How do you use storage service in Bluemix?

I'm trying to insert some storage data onto Bluemix, I searched many wiki pages but I couldn't come to conclude how to proceed. So can any one tell me how to store images, files in storage of Bluemix through any language code ( Java, Node.js)?
You have several options at your disposal for storing files in your app. None of them include doing it in the app container file system as the file space is ephemeral and will be recreated from the droplet each time a new instance of your app is created.
You can use services like MongoLab, Cloudant, Object Storage, and Redis to store all kinda of blob data.
Assuming that you're using Bluemix to write a Cloud Foundry application, another option is sshfs. At your app's startup time, you can use sshfs to create a connection to a remote server that is mounted as a local directory. For example, you could create a ./data directory that points to a remote SSH server and provides a persistent storage location for your app.
Here is a blog post explaining how this strategy works and a source repo showing it used to host a Wordpress blog in a Cloud Foundry app.

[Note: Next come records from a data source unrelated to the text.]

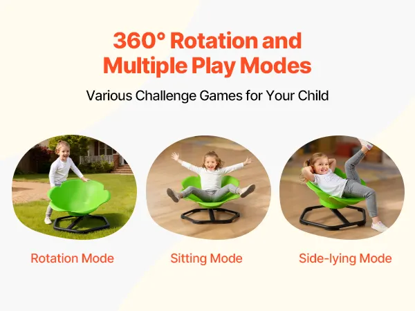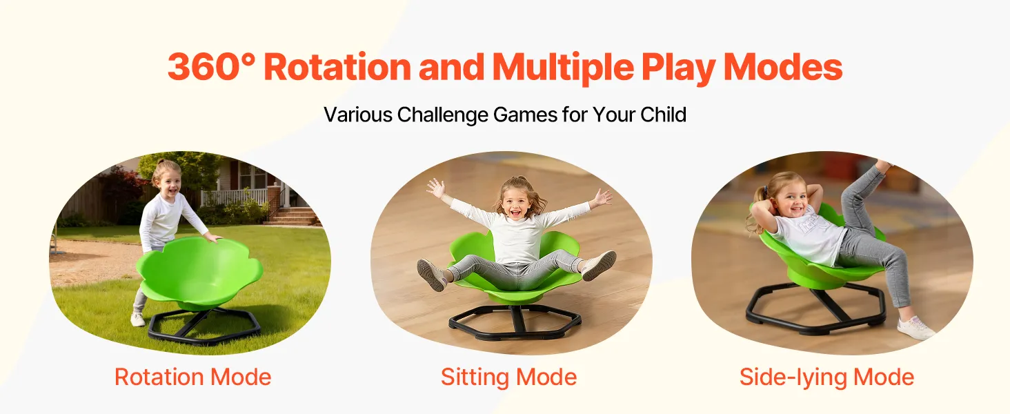 Dzięki funkcji obrotu o 360° i różnorodnym opcjom zabawy, dzieci mogą siedzieć, leżeć, obracać sensoryczny fotel obrotowy i wymyślać własne gry. Rodzice również mogą dołączyć do zabawy – to świetna zabawka dla całej rodziny!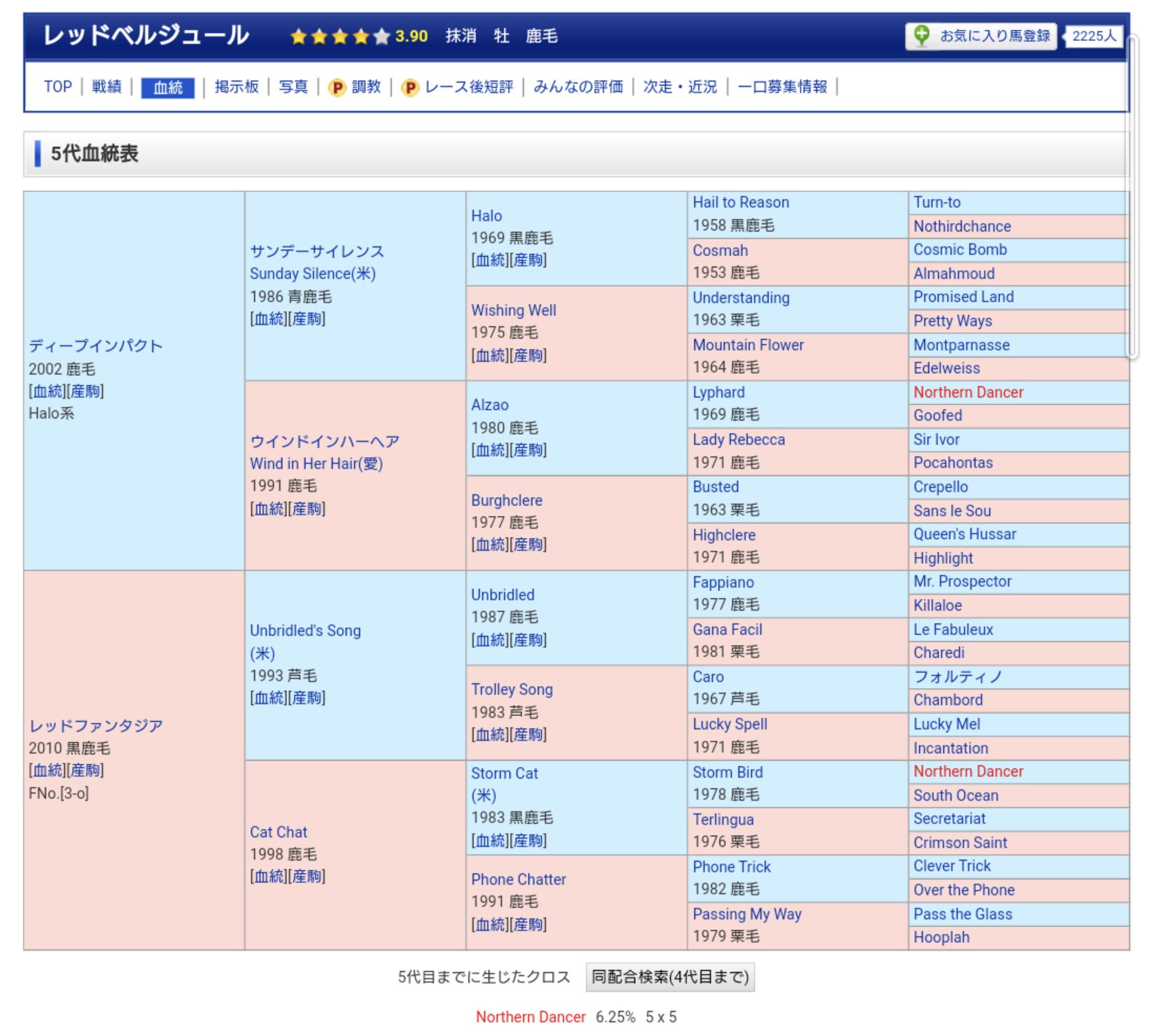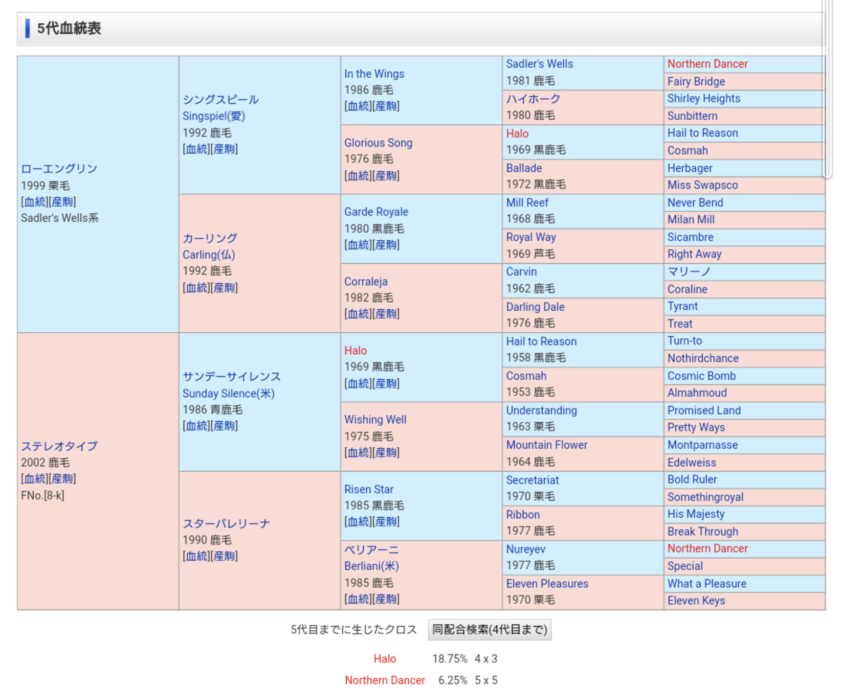 この5代血統表にクロスは無いように見えるが実は右端のサーゲイロードがターントゥの子であり、ロイヤルチャージャー系に属するのでそこにターントゥのクロスが発生している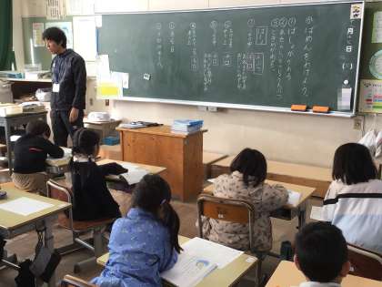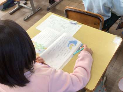 1年生の国語です。物語の場面が変わるキーワードとなる言葉を探して段落番号を付けています。いくつの場面が出てきたのでしょうか?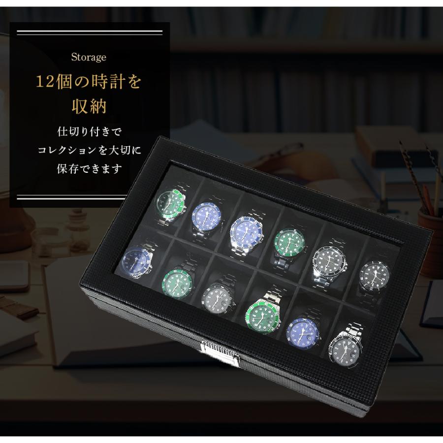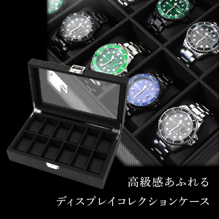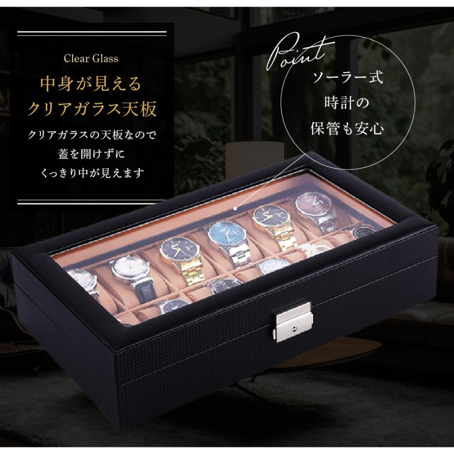 腕時計ケース 12本用 仕切り付き クッション付き 天板ガラス カーボンファイバー 保管 コレクション ウォッチケース インテリア ギフト プレゼント 贈り物 爆買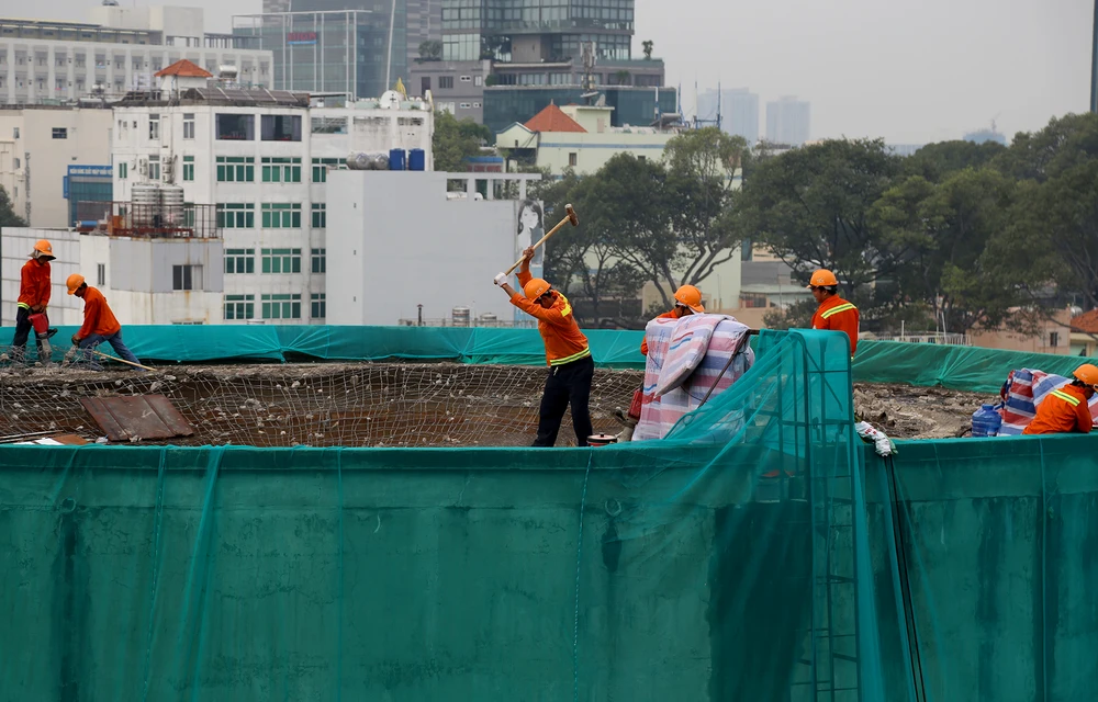Ghi nhận của PV tại thủy đài trên đường Nguyễn Văn Tráng (quận 1), hàng chục công nhân Công ty TNHH MTV công ích quận 1 đã tháo dỡ xong phần mái của thủy đài và chuẩn bị tháo dỡ phần thân.

Note that as others have suggested, there are a number of services for storing object data. Go to the Bluemix Catalog [1] and select "Data Management" in the left hand margin. Each of those services should have sufficient documentation to get you started, including many sample applications and tutorials. Just click on a service tile, and then click on the "View Docs" button to find the relevant documentation.

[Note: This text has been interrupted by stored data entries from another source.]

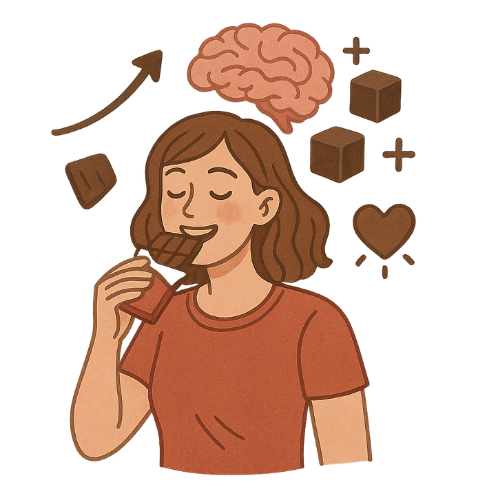 Cokelat kaya akan senyawa yang baik untuk kesehatan dan dapat memengaruhi perasaan melalui interaksi antar komponen di dalamnya. Penelitian Casperson et al. (2019) menunjukkan bahwa kandungan gula dalam cokelat dapat memberikan efek dalam peningkatan perasaan positif. Semakin tinggi kadar gula dalam cokelat, seperti pada milk chocolate, maka semakin kuat efek psikoaktifnya.
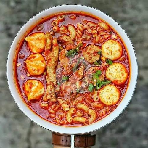 Mie,kerupuk,telur,makaroni,sosis,bakso,cumi flower,odeng,chikuwa,ceker,fishroll,siomay kering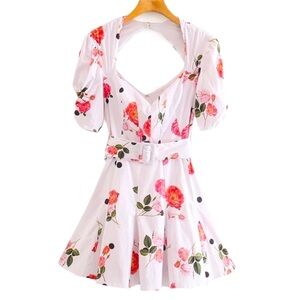 NEW! Floral & Polka Dot Belted Cut Out Back Mini Dress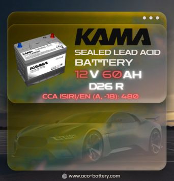 باتری خودرو ۶۰ آمپر پایه بلند کاما | قدرت، دوام و عملکرد مطمئن
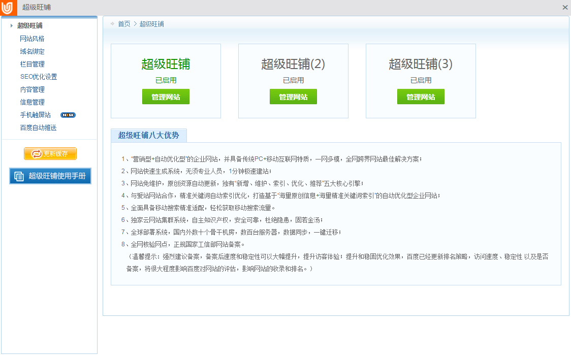 介紹頁面左側(cè)自帶“超級(jí)旺鋪使用手冊(cè)”,可參考查閱。

[1] https://console.ng.bluemix.net/?ace_base=true/#/store/cloudOEPaneId=store
Check out https://www.ng.bluemix.net/docs/#services/ObjectStorageV2/index.html#gettingstarted. The storage service in Bluemix is OpenStack Swift running in Softlayer. Check out this page (http://docs.openstack.org/developer/swift/) for docs on Swift.
Here is a page that lists some clients for Swift.
https://wiki.openstack.org/wiki/SDKs
As I search There was a service that name was Object Storage service and also was created by IBM. But, at the momenti I couldn't see it in the Bluemix Catalog. I guess , They gave it back and will publish new service in the future.
Be aware that pobject store in bluemix is now S3 compatible. So for instance you can use Boto or boto3 ( for python guys ) It will work 100% API comaptible.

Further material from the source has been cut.